**TASK DETAILS:**
An exact copy of the data below is needed; please leave out any pictures.

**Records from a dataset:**
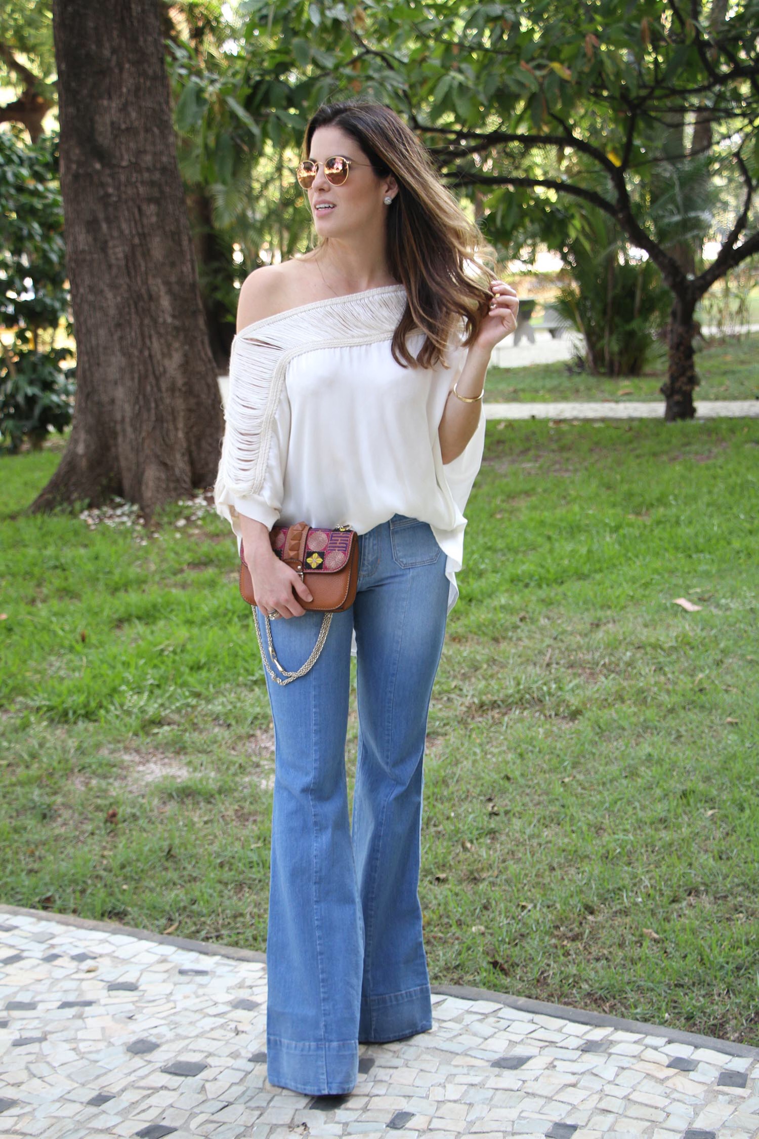 Para completar, blusa à la “bata” nude que deixa um dos ombros de fora e é bem feminina e charmosa! Adoro esse detalhe desfiado da parte de cima dela, que dá mais “interessância” em um toque urbano à peça, rs! Esse corte é bem fresquinho e voltou com tudo agora! Ideal para lidar bem com os dias de mais calor, além de dar um tom “sensual” na medida. Essa coisa ombro a ombro também é bem 70’s!
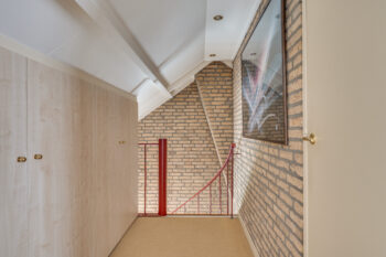 De overloop van de tweede verdieping fungeert in principe als een berging aangezien je je spullen in de inbouwkasten op kunt bergen. Deze inbouwkasten zijn uitgevoerd over de hele aanloop naar de slaapkamer.
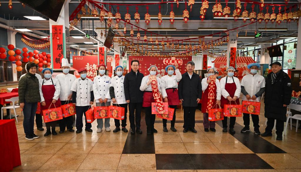 郑庆华先后来到四平路校区大门、学苑饮食广场、西南二楼学生社区(启迪书院)和校医院等处,分别向在岗的保卫人员、厨师、学生宿舍管理人员和医务人员等表示亲切慰问,向他们送上新年礼包和喜庆春联,感谢他们的辛勤付出和默默奉献,希望大家继续保持饱满的工作热情,恪尽职守,用心用情做好寒假春节期间学校各项服务保障工作,并祝愿他们在新的一年里身体健康、阖家幸福。
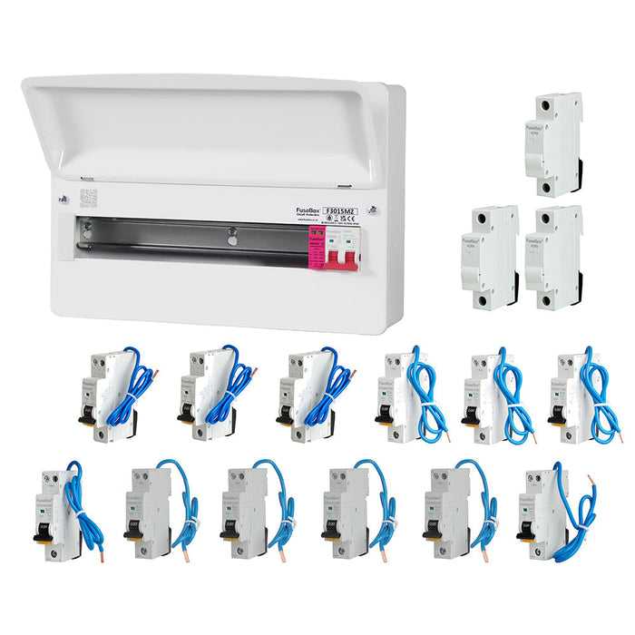FuseBox F3015MZ 15 Way T2 SPD Consumer Unit + 12 Type A Bi-Directional Mini RCBOs & 3x FREE DIN Rail Blanks
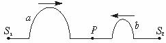 B.两a的波峰到达S2时,b的波峰还没有到达S1
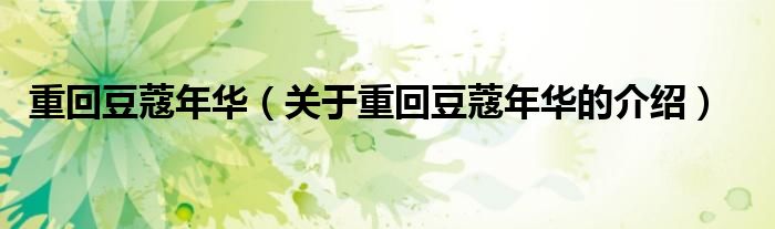 大家好,小都来为大家解答以上的问题。重回豆蔻年华,关于重回豆蔻年华的介绍很多人还不知道,现在让我们一起来看看吧!
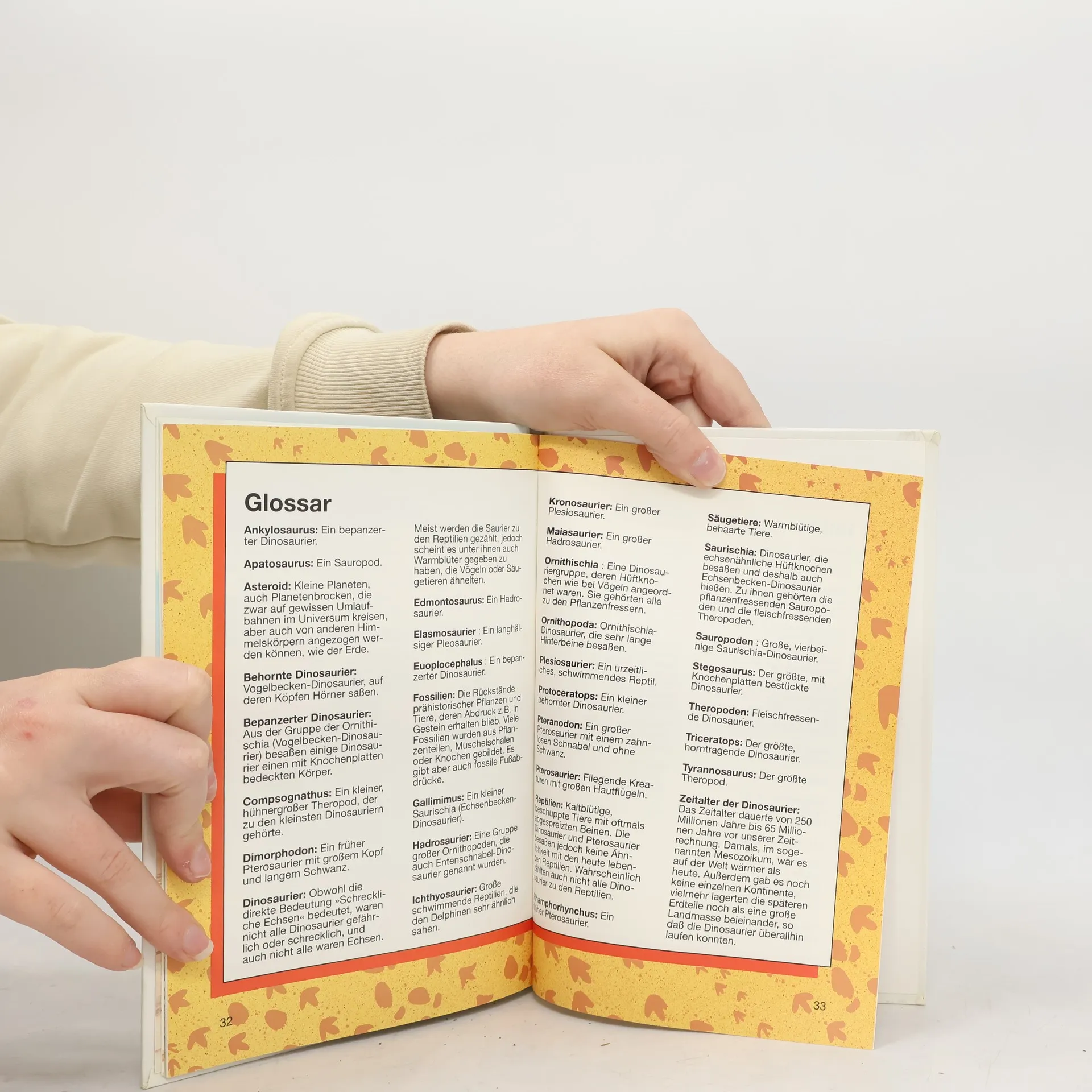 Die Dinosaurier lebten über 160 Millionen Jahre lang auf der Erde. Einige waren flinke Jäger, andere friedliche Pflanzenfresser. Die Dinosaurier sind lange vor dem Erscheinen der Menschen ausgestorben. Wir wissen nur etwas über sie, weil sich ihre Überreste in Gesteinen erhalten haben. Wann genau haben sie gelebt! Wie groß waren die größten Dinosaurier? Und warum sind sie ausgestorben? Band 1 der neuen großen Wissensreihe memo zeigt faszinierende Bilder von fossilen Dinosaurier-Skeletten, naturgetreuen Sauriermodellen und vom Leben der Urzeitriesen. Die Kombination von Bild und kurzen Texten macht das Lesen und Lernen leicht und macht zugleich neugierig auf mehr. Rubriken wie „Erstaunliche Fakten“, „Fragen und Antworten“ und „Rekordverdächtig“ vertiefen das vermittelte Wissen, ein Glossar am Ende des Buches gibt noch einmal einen Überblick über die Thematik. Ideal auch für Referate und Schulprojekte.

**RESULT BELOW:**
 Para completar, blusa à la “bata” nude que deixa um dos ombros de fora e é bem feminina e charmosa! Adoro esse detalhe desfiado da parte de cima dela, que dá mais “interessância” em um toque urbano à peça, rs! Esse corte é bem fresquinho e voltou com tudo agora! Ideal para lidar bem com os dias de mais calor, além de dar um tom “sensual” na medida. Essa coisa ombro a ombro também é bem 70’s!
 De overloop van de tweede verdieping fungeert in principe als een berging aangezien je je spullen in de inbouwkasten op kunt bergen. Deze inbouwkasten zijn uitgevoerd over de hele aanloop naar de slaapkamer.
 郑庆华先后来到四平路校区大门、学苑饮食广场、西南二楼学生社区(启迪书院)和校医院等处,分别向在岗的保卫人员、厨师、学生宿舍管理人员和医务人员等表示亲切慰问,向他们送上新年礼包和喜庆春联,感谢他们的辛勤付出和默默奉献,希望大家继续保持饱满的工作热情,恪尽职守,用心用情做好寒假春节期间学校各项服务保障工作,并祝愿他们在新的一年里身体健康、阖家幸福。
FuseBox F3015MZ 15 Way T2 SPD Consumer Unit + 12 Type A Bi-Directional Mini RCBOs & 3x FREE DIN Rail Blanks
 B.两a的波峰到达S2时,b的波峰还没有到达S1
 大家好,小都来为大家解答以上的问题。重回豆蔻年华,关于重回豆蔻年华的介绍很多人还不知道,现在让我们一起来看看吧!
 Die Dinosaurier lebten über 160 Millionen Jahre lang auf der Erde. Einige waren flinke Jäger, andere friedliche Pflanzenfresser. Die Dinosaurier sind lange vor dem Erscheinen der Menschen ausgestorben. Wir wissen nur etwas über sie, weil sich ihre Überreste in Gesteinen erhalten haben. Wann genau haben sie gelebt! Wie groß waren die größten Dinosaurier? Und warum sind sie ausgestorben? Band 1 der neuen großen Wissensreihe memo zeigt faszinierende Bilder von fossilen Dinosaurier-Skeletten, naturgetreuen Sauriermodellen und vom Leben der Urzeitriesen. Die Kombination von Bild und kurzen Texten macht das Lesen und Lernen leicht und macht zugleich neugierig auf mehr. Rubriken wie „Erstaunliche Fakten“, „Fragen und Antworten“ und „Rekordverdächtig“ vertiefen das vermittelte Wissen, ein Glossar am Ende des Buches gibt noch einmal einen Überblick über die Thematik. Ideal auch für Referate und Schulprojekte.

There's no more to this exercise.